Supplied material:
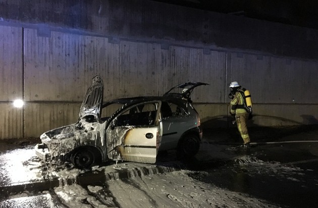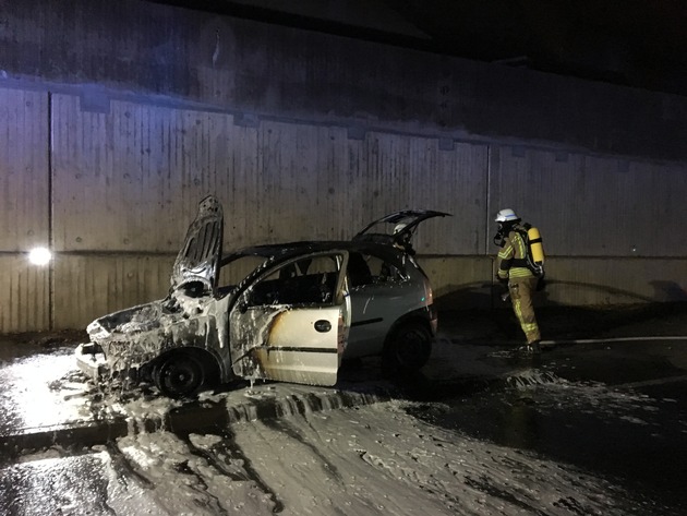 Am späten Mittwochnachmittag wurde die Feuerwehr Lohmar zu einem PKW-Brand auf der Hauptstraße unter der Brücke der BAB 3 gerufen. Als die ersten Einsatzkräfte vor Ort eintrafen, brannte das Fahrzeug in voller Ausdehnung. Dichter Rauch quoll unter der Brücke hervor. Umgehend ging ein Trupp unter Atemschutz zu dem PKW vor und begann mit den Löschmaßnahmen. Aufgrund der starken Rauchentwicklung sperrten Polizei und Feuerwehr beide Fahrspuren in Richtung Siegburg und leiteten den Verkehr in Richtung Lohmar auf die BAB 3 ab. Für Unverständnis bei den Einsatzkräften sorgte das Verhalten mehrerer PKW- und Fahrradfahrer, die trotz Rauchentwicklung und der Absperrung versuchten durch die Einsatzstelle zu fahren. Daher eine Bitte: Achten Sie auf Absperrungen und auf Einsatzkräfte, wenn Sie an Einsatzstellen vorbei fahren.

...

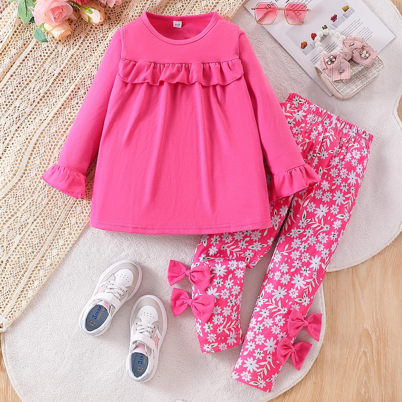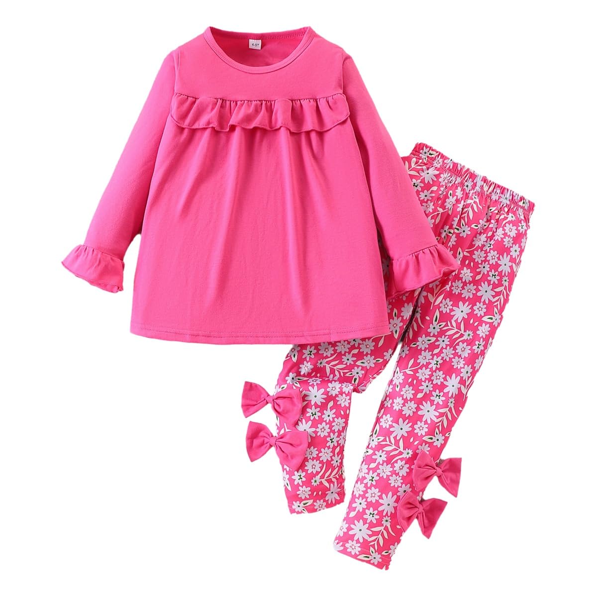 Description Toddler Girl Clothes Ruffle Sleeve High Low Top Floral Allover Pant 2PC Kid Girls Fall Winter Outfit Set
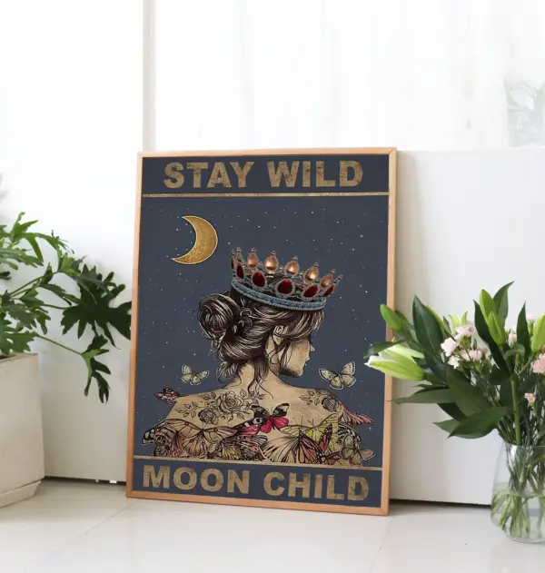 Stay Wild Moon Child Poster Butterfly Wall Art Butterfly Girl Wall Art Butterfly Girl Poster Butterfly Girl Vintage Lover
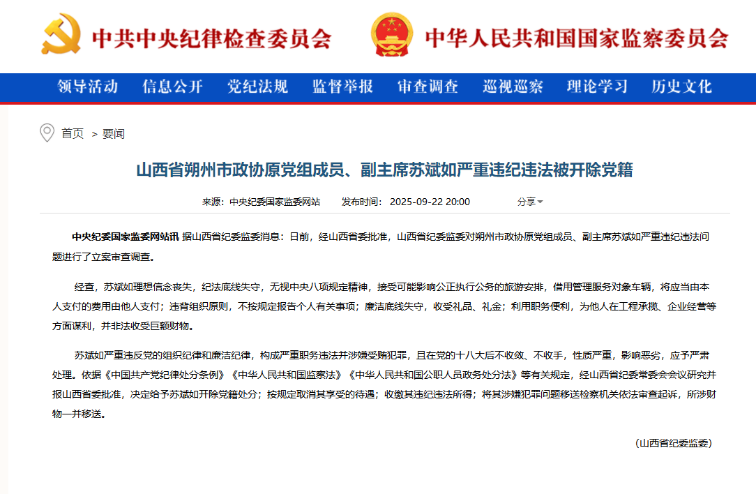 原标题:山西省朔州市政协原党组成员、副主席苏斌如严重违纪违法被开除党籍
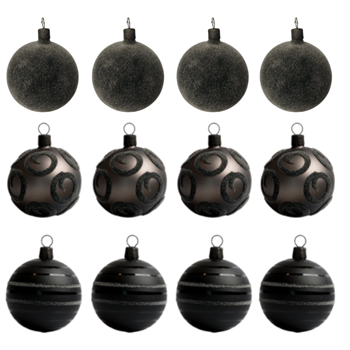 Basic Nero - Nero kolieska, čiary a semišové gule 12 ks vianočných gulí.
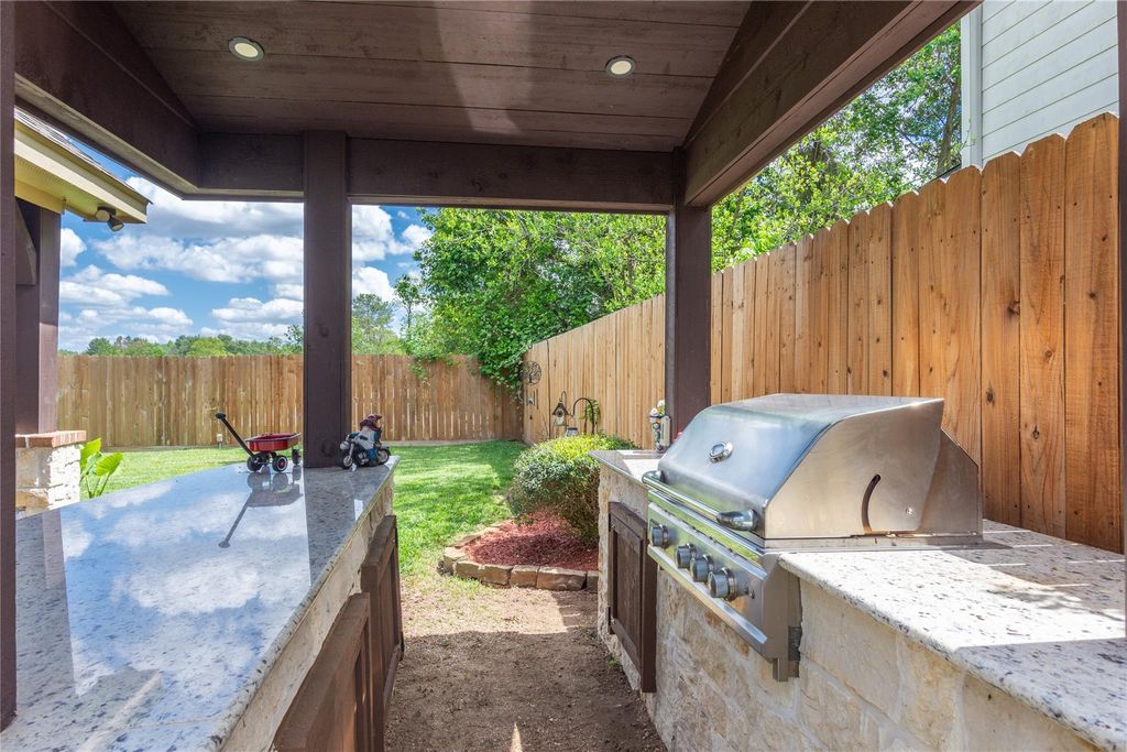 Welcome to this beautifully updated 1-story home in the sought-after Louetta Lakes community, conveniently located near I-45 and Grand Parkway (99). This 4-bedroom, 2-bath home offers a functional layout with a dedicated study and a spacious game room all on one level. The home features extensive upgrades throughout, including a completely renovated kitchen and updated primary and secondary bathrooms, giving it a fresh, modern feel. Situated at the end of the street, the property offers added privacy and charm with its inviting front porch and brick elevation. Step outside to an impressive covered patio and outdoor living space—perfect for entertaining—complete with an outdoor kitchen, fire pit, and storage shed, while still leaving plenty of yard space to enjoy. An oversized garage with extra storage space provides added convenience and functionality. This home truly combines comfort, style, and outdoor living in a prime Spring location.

The task:
Only one part of the listing is wanted: the lines from the one containing "Basic Nero - Nero" through the one containing "Welcome to this", both included. Please transcribe it exactly, leaving out the pictures.

Problem solution:
 Basic Nero - Nero kolieska, čiary a semišové gule 12 ks vianočných gulí.
 Welcome to this beautifully updated 1-story home in the sought-after Louetta Lakes community, conveniently located near I-45 and Grand Parkway (99). This 4-bedroom, 2-bath home offers a functional layout with a dedicated study and a spacious game room all on one level. The home features extensive upgrades throughout, including a completely renovated kitchen and updated primary and secondary bathrooms, giving it a fresh, modern feel. Situated at the end of the street, the property offers added privacy and charm with its inviting front porch and brick elevation. Step outside to an impressive covered patio and outdoor living space—perfect for entertaining—complete with an outdoor kitchen, fire pit, and storage shed, while still leaving plenty of yard space to enjoy. An oversized garage with extra storage space provides added convenience and functionality. This home truly combines comfort, style, and outdoor living in a prime Spring location.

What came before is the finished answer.